Raw data →
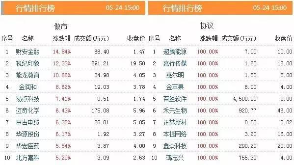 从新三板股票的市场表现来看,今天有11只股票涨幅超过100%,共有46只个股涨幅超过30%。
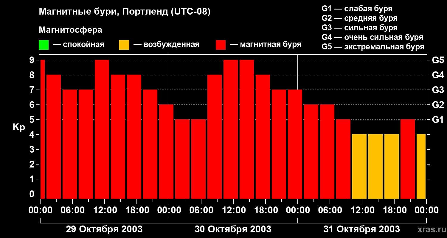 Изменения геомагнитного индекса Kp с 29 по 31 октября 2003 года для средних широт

...

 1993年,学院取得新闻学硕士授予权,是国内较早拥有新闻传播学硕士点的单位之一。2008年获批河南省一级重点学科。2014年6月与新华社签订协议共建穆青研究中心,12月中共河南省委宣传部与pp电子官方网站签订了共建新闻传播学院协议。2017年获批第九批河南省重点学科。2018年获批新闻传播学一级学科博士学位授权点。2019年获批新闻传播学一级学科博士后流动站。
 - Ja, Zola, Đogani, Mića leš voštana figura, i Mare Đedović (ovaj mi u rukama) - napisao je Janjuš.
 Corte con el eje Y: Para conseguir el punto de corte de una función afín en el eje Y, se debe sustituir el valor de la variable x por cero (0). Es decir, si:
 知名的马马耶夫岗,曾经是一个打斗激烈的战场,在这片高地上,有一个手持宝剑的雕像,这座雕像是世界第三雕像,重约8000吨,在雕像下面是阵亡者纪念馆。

...

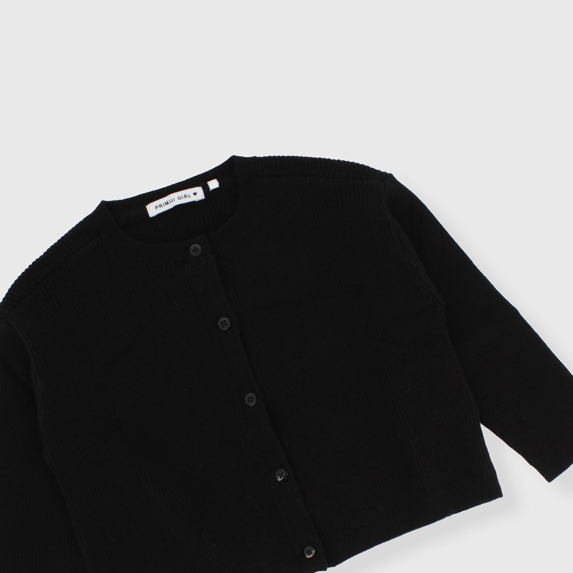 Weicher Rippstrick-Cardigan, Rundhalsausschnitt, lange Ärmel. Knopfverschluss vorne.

Problem to solve →
Among the entries above, copy exactly the stretch from the line holding "从新三板股票的市场表现来看,今天有11只" through the line holding "Изменения геомагнитного индекса", leaving out any pictures.

Answer to this problem →
 从新三板股票的市场表现来看,今天有11只股票涨幅超过100%,共有46只个股涨幅超过30%。
 Изменения геомагнитного индекса Kp с 29 по 31 октября 2003 года для средних широт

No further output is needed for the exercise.